- [Material supplied]
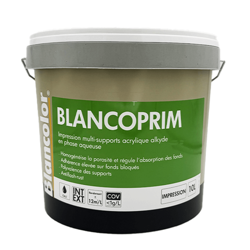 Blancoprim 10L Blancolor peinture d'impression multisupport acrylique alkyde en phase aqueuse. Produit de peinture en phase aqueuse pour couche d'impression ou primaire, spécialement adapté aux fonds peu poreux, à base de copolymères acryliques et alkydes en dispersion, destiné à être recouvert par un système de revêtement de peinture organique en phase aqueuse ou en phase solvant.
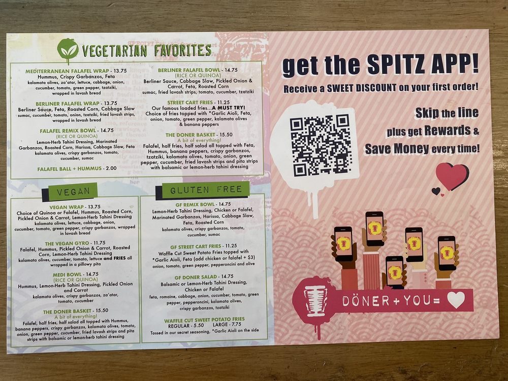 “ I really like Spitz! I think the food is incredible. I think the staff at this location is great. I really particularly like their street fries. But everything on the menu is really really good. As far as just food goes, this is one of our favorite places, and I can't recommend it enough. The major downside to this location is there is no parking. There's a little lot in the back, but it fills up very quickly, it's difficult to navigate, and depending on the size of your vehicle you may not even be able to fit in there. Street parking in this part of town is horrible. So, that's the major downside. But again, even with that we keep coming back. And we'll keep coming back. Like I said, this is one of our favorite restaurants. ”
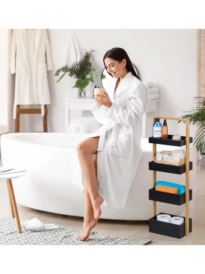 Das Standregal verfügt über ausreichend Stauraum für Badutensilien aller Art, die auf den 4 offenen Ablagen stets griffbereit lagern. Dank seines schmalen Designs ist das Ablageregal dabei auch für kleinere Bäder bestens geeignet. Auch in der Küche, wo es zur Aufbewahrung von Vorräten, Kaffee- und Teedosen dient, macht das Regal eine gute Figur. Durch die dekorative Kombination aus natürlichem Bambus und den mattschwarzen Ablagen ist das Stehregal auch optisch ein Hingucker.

--

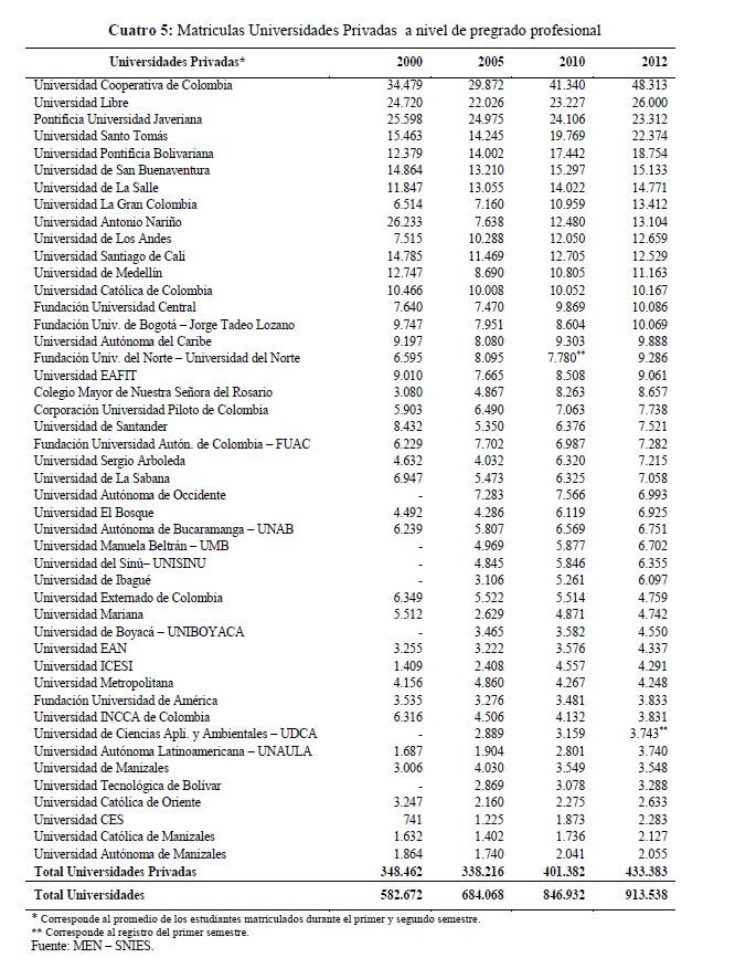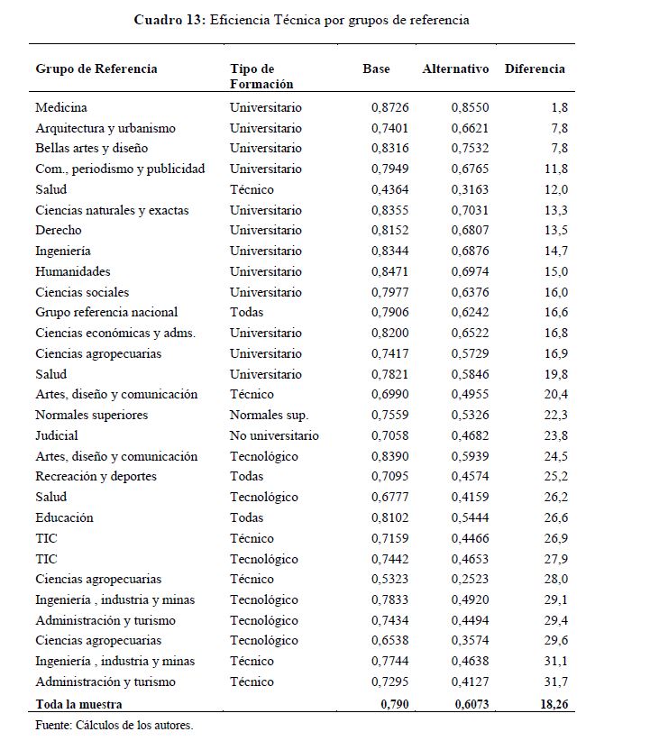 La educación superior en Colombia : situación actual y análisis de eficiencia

- [Work to complete] Write out exactly the lines above between the one with "Blancoprim 10L Blancolor" and the one with "Das Standregal verfügt", inclusive, with pictures left out.

- [Answer section]
 Blancoprim 10L Blancolor peinture d'impression multisupport acrylique alkyde en phase aqueuse. Produit de peinture en phase aqueuse pour couche d'impression ou primaire, spécialement adapté aux fonds peu poreux, à base de copolymères acryliques et alkydes en dispersion, destiné à être recouvert par un système de revêtement de peinture organique en phase aqueuse ou en phase solvant.
 “ I really like Spitz! I think the food is incredible. I think the staff at this location is great. I really particularly like their street fries. But everything on the menu is really really good. As far as just food goes, this is one of our favorite places, and I can't recommend it enough. The major downside to this location is there is no parking. There's a little lot in the back, but it fills up very quickly, it's difficult to navigate, and depending on the size of your vehicle you may not even be able to fit in there. Street parking in this part of town is horrible. So, that's the major downside. But again, even with that we keep coming back. And we'll keep coming back. Like I said, this is one of our favorite restaurants. ”
 Das Standregal verfügt über ausreichend Stauraum für Badutensilien aller Art, die auf den 4 offenen Ablagen stets griffbereit lagern. Dank seines schmalen Designs ist das Ablageregal dabei auch für kleinere Bäder bestens geeignet. Auch in der Küche, wo es zur Aufbewahrung von Vorräten, Kaffee- und Teedosen dient, macht das Regal eine gute Figur. Durch die dekorative Kombination aus natürlichem Bambus und den mattschwarzen Ablagen ist das Stehregal auch optisch ein Hingucker.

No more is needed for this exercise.